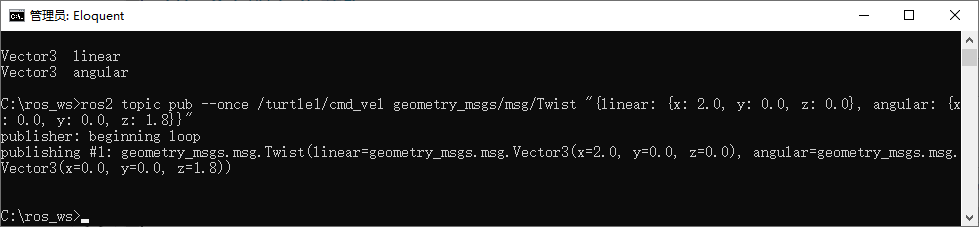 ros2 topic pub --once /turtle1/cmd_vel geometry_msgs/msg/Twist "{linear: {x: 2.0, y: 0.0, z: 0.0}, angular: {x: 0.0, y: 0.0, z: 1.8}}"
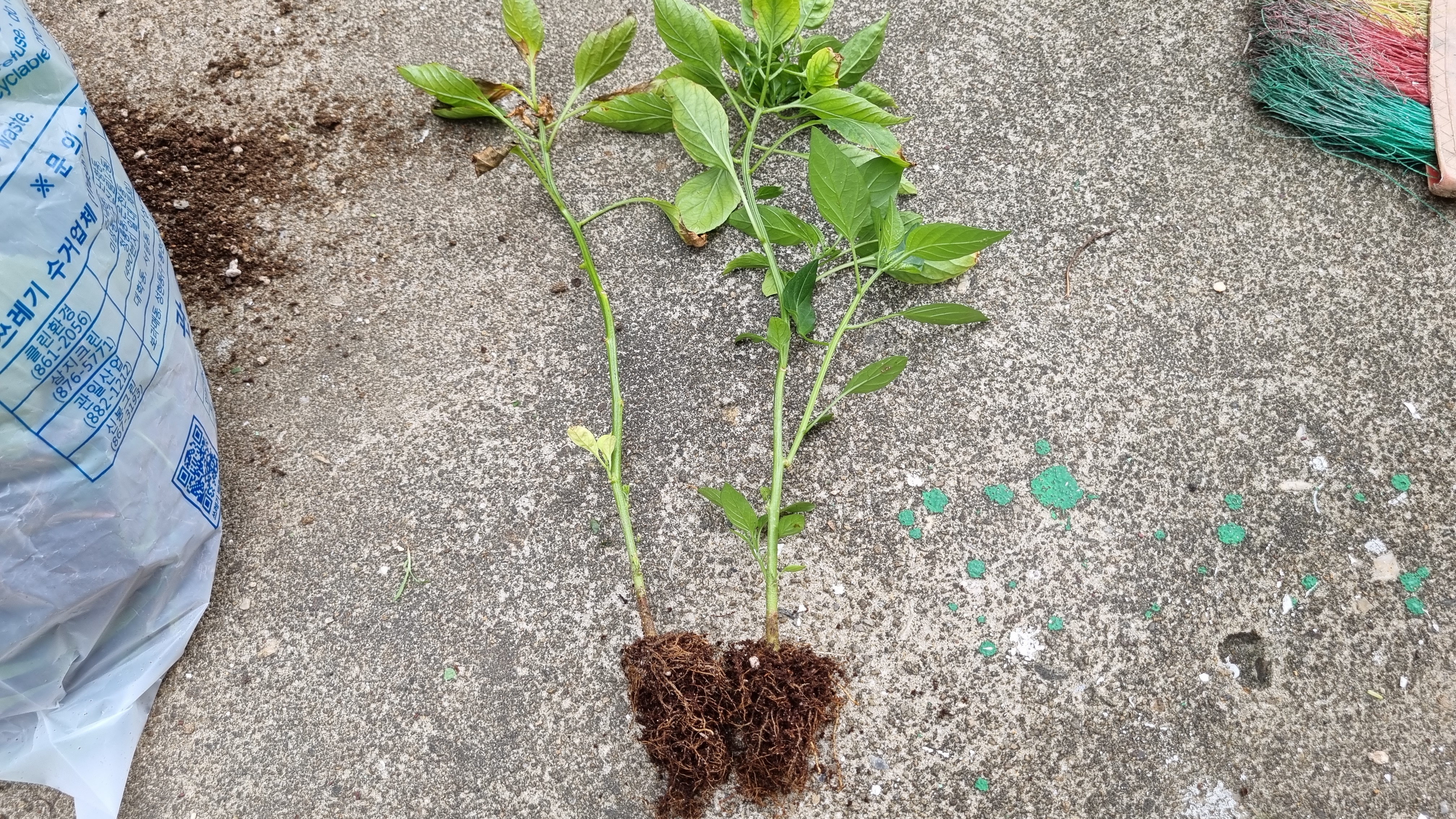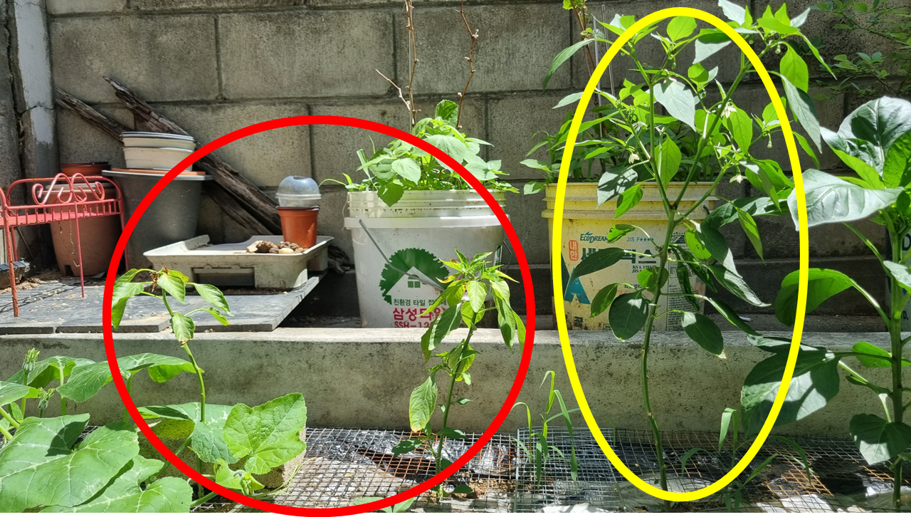 고추 모종 3개를 심었는데 2개는 부실하다. 왜 같은 모종을 사다 싶었는데 하나는 무럭무럭 잘 자라고 2개는 시들하고 크지도 않고 잎이 누렇게 되는 것일까?
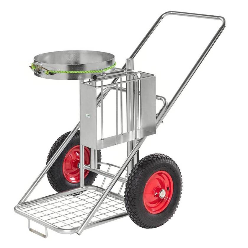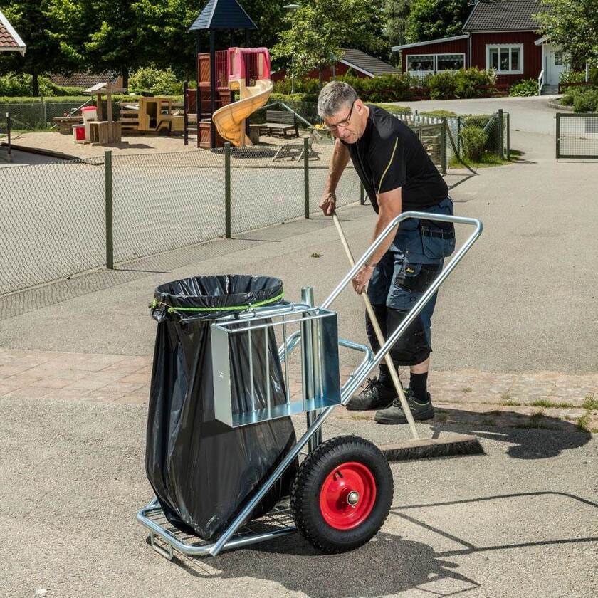 Städkärra för utomhusbruk. Städkärran har sopsäcksanordning med snabblåsning av säcken, 2 st rörhylsor för städverktyg samt korg för förvaring av sopsäckar. Valbara hjul, 2 st Ø400x100 mm luftgummihjul med plåtfälg alternativt Ø400 mm punkteringsfria hjul. Du väljer även färg på din städkärra mellan gult eller elförzinkat utförande. Max belastning 125 kg. Vikt 25 kg.
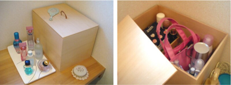 仕事をもっている女性にとっては、洗顔からメイクまでひとつの場所でできれば、忙しい朝の時間が有効に使えます。そこで、窓から差し込む陽の光を感じながら、気持ちよくメイクができるコーナーをつくりました。このときに気を使いたいのはメイクボックス選び。ちょっぴり大きいサイズにすれば、通勤バッグから出したメイク用ポーチもしまえます。さらに、毎日使うものだから素材感も大切。ナチュラルな木肌から伝わるメッセージは、素肌にやさしいナチュラルメイクといったところでしょうか。

***

__Task description__.
Each line of the data is to be duplicated exactly; pictures stay out of the copy.

__Exercise result__.
 ros2 topic pub --once /turtle1/cmd_vel geometry_msgs/msg/Twist "{linear: {x: 2.0, y: 0.0, z: 0.0}, angular: {x: 0.0, y: 0.0, z: 1.8}}"
 고추 모종 3개를 심었는데 2개는 부실하다. 왜 같은 모종을 사다 싶었는데 하나는 무럭무럭 잘 자라고 2개는 시들하고 크지도 않고 잎이 누렇게 되는 것일까?
 Städkärra för utomhusbruk. Städkärran har sopsäcksanordning med snabblåsning av säcken, 2 st rörhylsor för städverktyg samt korg för förvaring av sopsäckar. Valbara hjul, 2 st Ø400x100 mm luftgummihjul med plåtfälg alternativt Ø400 mm punkteringsfria hjul. Du väljer även färg på din städkärra mellan gult eller elförzinkat utförande. Max belastning 125 kg. Vikt 25 kg.
 仕事をもっている女性にとっては、洗顔からメイクまでひとつの場所でできれば、忙しい朝の時間が有効に使えます。そこで、窓から差し込む陽の光を感じながら、気持ちよくメイクができるコーナーをつくりました。このときに気を使いたいのはメイクボックス選び。ちょっぴり大きいサイズにすれば、通勤バッグから出したメイク用ポーチもしまえます。さらに、毎日使うものだから素材感も大切。ナチュラルな木肌から伝わるメッセージは、素肌にやさしいナチュラルメイクといったところでしょうか。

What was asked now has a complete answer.